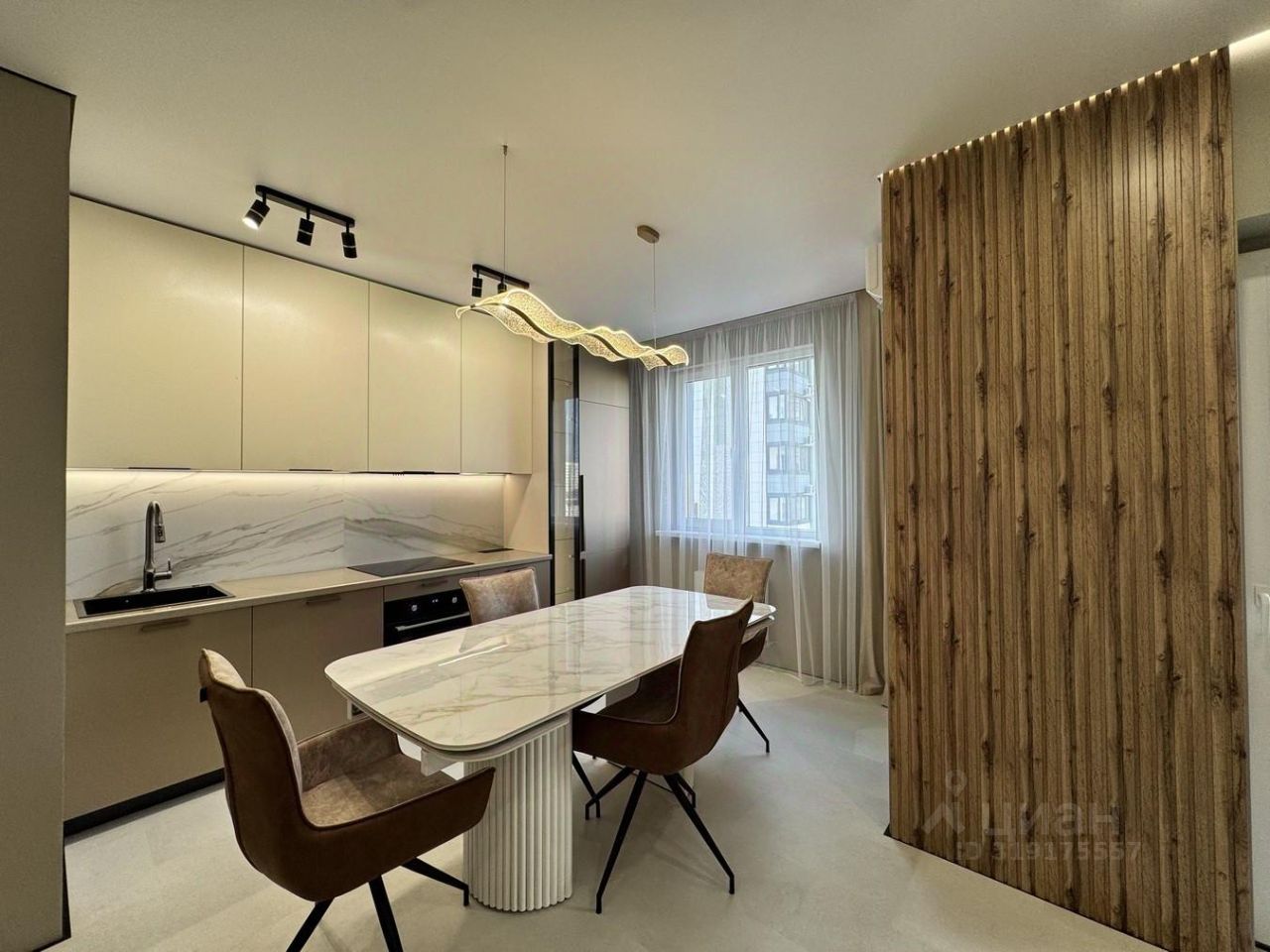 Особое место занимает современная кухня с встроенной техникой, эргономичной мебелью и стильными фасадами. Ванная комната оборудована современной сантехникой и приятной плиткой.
----
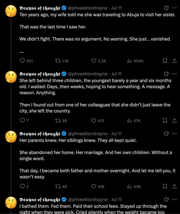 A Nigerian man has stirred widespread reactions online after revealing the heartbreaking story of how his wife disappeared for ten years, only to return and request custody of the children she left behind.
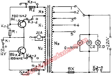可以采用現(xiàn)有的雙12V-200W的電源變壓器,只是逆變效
----
**TASK DETAILS:** Up in the listing, locate the line with "A Nigerian man"; print it and every line after it down to the line with "可以采用現(xiàn)有的雙12V-200W的電源變壓器,只是逆變效", which is included too. Skip the pictures.

**COMPLETED EXERCISE:**
 A Nigerian man has stirred widespread reactions online after revealing the heartbreaking story of how his wife disappeared for ten years, only to return and request custody of the children she left behind.
可以采用現(xiàn)有的雙12V-200W的電源變壓器,只是逆變效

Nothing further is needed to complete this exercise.